§ **GOAL OF THE EXERCISE**: Leave out any pictures and transcribe all other data below exactly.

§ **EXERCISE DATA**:
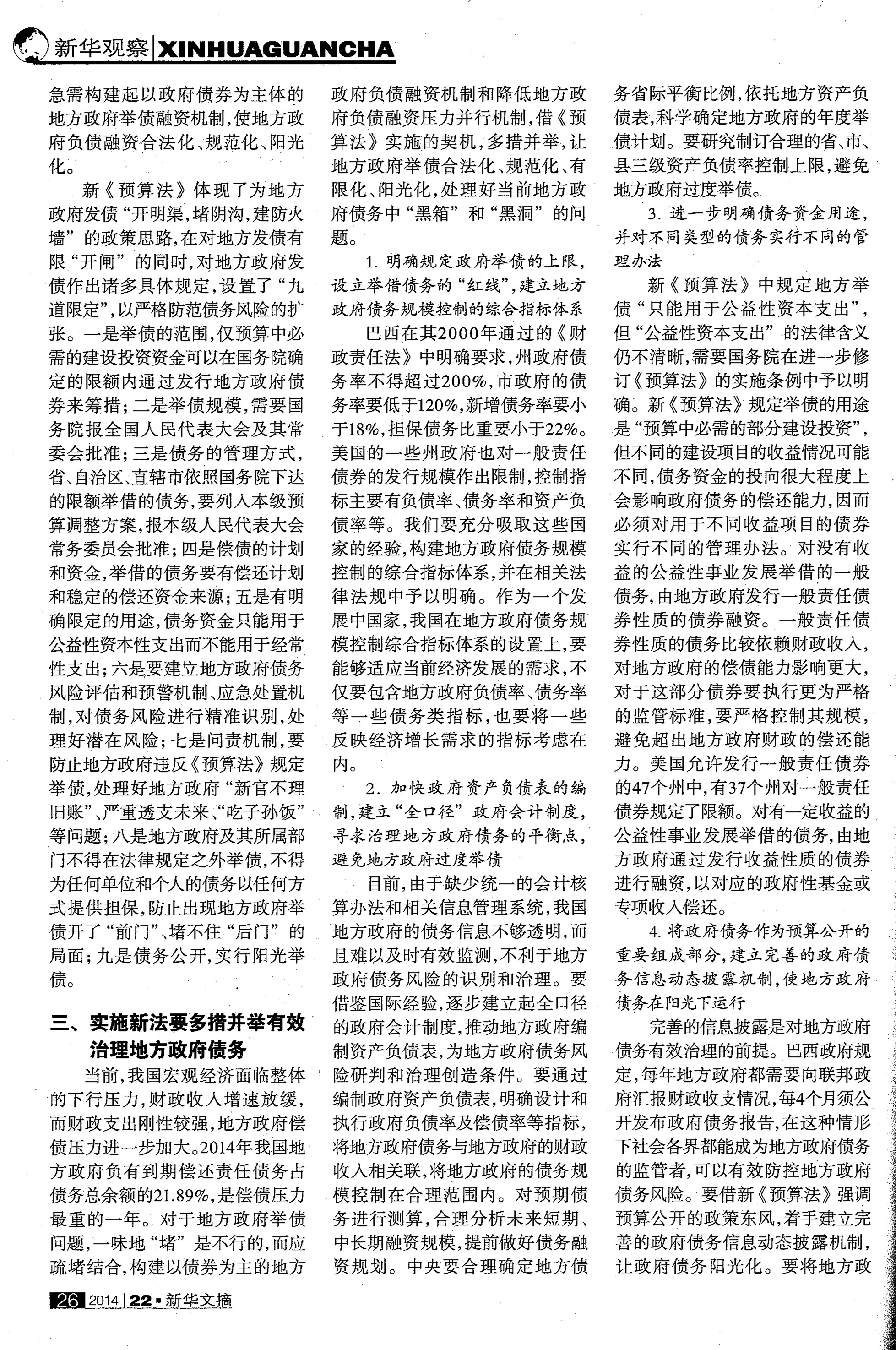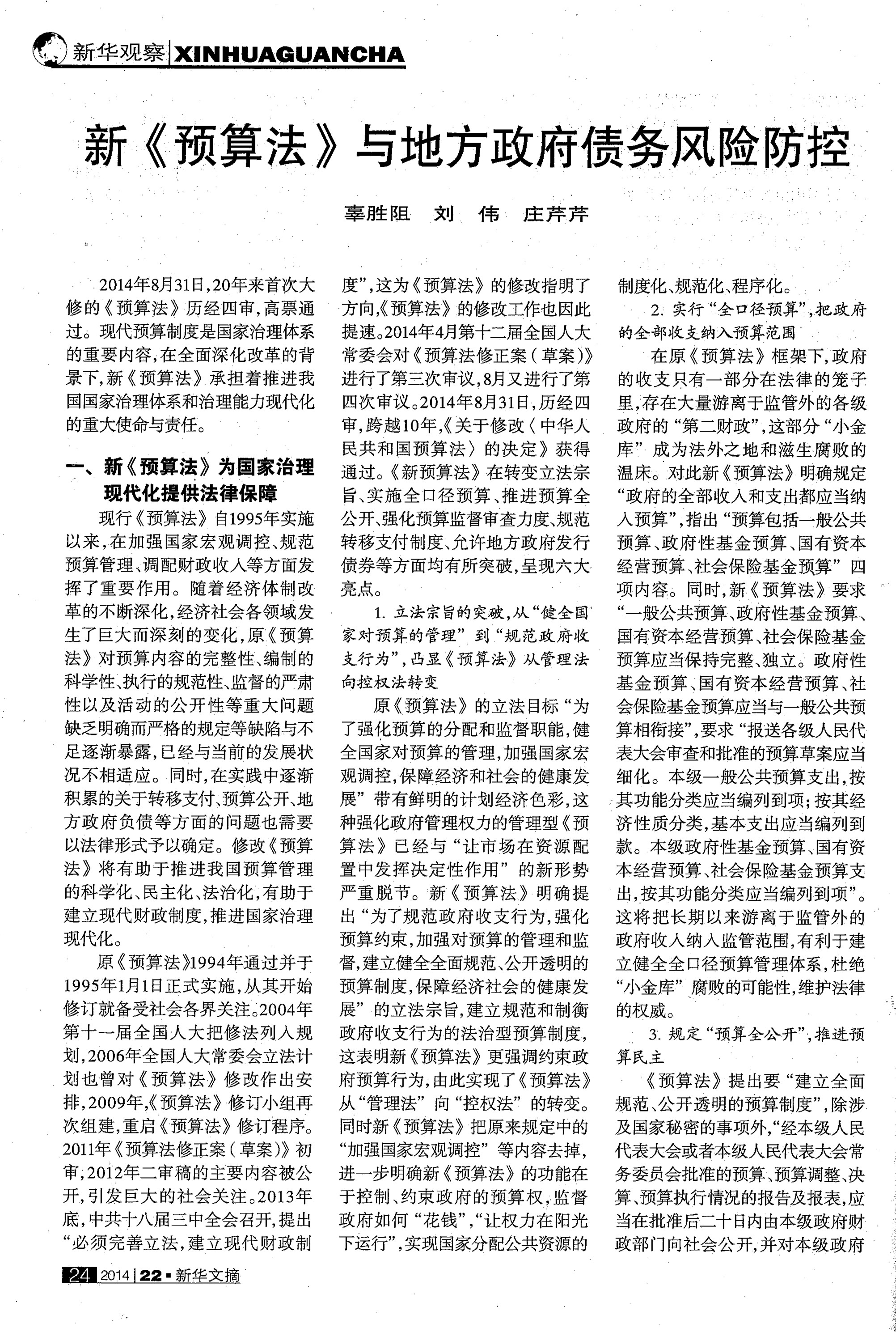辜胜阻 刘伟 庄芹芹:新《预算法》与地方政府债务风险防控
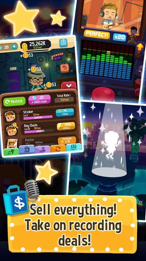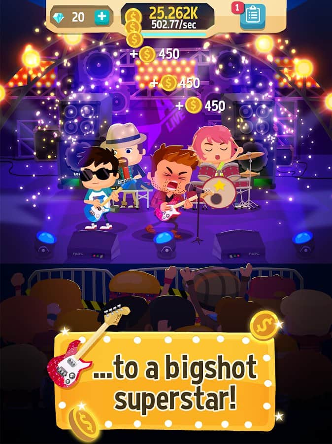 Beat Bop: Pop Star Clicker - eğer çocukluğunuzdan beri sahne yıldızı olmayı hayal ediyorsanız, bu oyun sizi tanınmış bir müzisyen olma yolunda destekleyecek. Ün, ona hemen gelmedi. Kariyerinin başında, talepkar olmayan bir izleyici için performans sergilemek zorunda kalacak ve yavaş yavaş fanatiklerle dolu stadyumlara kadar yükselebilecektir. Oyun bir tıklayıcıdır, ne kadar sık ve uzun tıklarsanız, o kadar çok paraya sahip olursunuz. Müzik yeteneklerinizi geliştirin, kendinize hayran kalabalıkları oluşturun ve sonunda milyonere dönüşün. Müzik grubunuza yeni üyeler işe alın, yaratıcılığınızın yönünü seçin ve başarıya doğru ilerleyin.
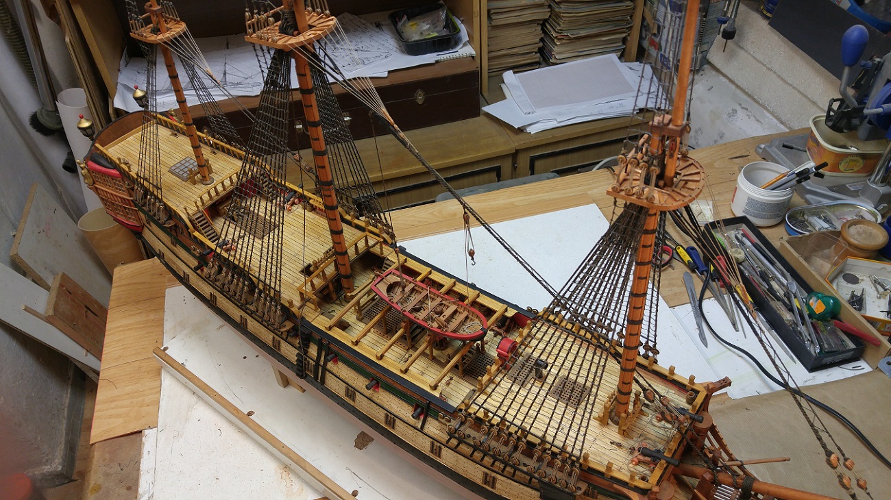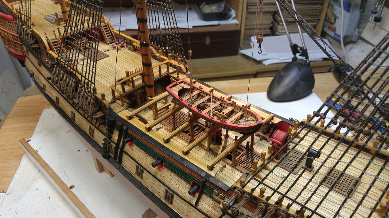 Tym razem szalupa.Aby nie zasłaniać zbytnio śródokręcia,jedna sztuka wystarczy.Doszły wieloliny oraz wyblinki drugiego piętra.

§ **EXERCISE ANSWER**:
辜胜阻 刘伟 庄芹芹:新《预算法》与地方政府债务风险防控
 Beat Bop: Pop Star Clicker - eğer çocukluğunuzdan beri sahne yıldızı olmayı hayal ediyorsanız, bu oyun sizi tanınmış bir müzisyen olma yolunda destekleyecek. Ün, ona hemen gelmedi. Kariyerinin başında, talepkar olmayan bir izleyici için performans sergilemek zorunda kalacak ve yavaş yavaş fanatiklerle dolu stadyumlara kadar yükselebilecektir. Oyun bir tıklayıcıdır, ne kadar sık ve uzun tıklarsanız, o kadar çok paraya sahip olursunuz. Müzik yeteneklerinizi geliştirin, kendinize hayran kalabalıkları oluşturun ve sonunda milyonere dönüşün. Müzik grubunuza yeni üyeler işe alın, yaratıcılığınızın yönünü seçin ve başarıya doğru ilerleyin.
 Tym razem szalupa.Aby nie zasłaniać zbytnio śródokręcia,jedna sztuka wystarczy.Doszły wieloliny oraz wyblinki drugiego piętra.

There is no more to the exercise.